You forgot to apologize for all those awful guitar masses too.

Ludwig writes:

"I apologize for my annoying habit of always being right."


no need Joe...you almost always wrong about everything and you re not even aware that you dont know Jack from s#!t...actually we re the ones who should appologize for setting your strait all the time...its a thankless job but someone has to do it.

Chris Rippel writes:

You forgot to apologize for apologizing so much.
This is unforgivable.

Justin Thibault writes:
no need Joe...you almost always wrong about everything and you re not even aware that you dont...

You should apologize for setting a bad example for your fellow bloggers by having such a permissive commenting policy.

Tim writes:

Ludwig,

You can't be "light-hearted" for one day? Especially about something in which he is obviously saying in jest.

I sure hope you aren't a Dubuque, Ia. Ludwig.

ucfengr writes:

You can't be "light-hearted" for one day?

For Ludwig, that was light-hearted.

Winsome writes:

The last lines turns this from satire to sarcasm, but with light touch. Nicely done.

Funny. I'd have ascribed the title to Special Agent Jethro Gibbs.

Collin
http://evangelicalperspective.blogspot.com

gbraden writes:

I accept your apologie(s)! Just don't let it happen again!

Truth Unites... and Divides writes:

You don't have to apologize for trying to help elect Dukakis, but do try to learn the lesson that radical liberals have de facto taken over the Democrat party.

gbraden writes:

I will apologize for being from Massachusetts.
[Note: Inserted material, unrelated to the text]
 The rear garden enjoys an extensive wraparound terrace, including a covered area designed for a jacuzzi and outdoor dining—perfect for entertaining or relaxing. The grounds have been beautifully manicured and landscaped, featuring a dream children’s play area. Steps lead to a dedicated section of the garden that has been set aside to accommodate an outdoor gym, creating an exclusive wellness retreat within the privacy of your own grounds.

I didn't help elect the riff-raff, but they make me ashame, very ashame.

Tony writes:

Joe booby
I hate to be the one to unpack your portmanteau but your valise belongs to me. This is the 21st century, slick. What is it that you don't understand about post modern deconstruction?

You don't decide what your words mean. I have committees, I have focus groups, and I have academic faculties.
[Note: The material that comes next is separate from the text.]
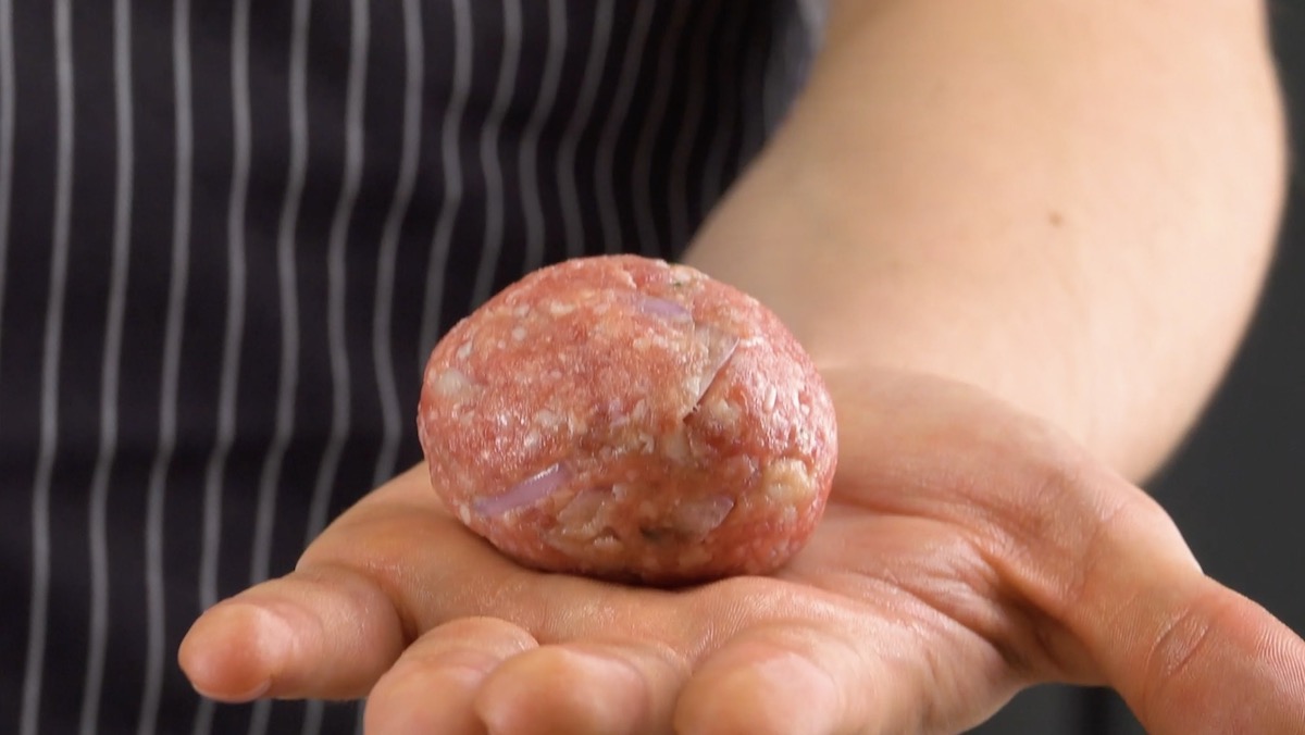 3.) Umhülle den Käsewürfel komplett mit der Hackmasse und rolle diese anschließend zu einer Kugel.

We decide what your words mean (e.g., nipple is not a word unless non-gender specified by non-specifying the gender. No exceptions) and there are protocols for apologies.

You have violated the major apology protocol that approximately insinuates that an apology that is not qualified does not qualify as an apology.

Capisce??

how do you...??? writes:

great blog...a question for all :
how do you deal with a person and/or party that does not reciprocate even after you sincerely, in actions, words and deeds,in the Christian New Testament tradition, apologize for a past wrong ?
how do you deal with a person or persons who use your mea culpa to set their own agenda ? person or persons who use your mea culpa against you ?

looking for some insight...thank you...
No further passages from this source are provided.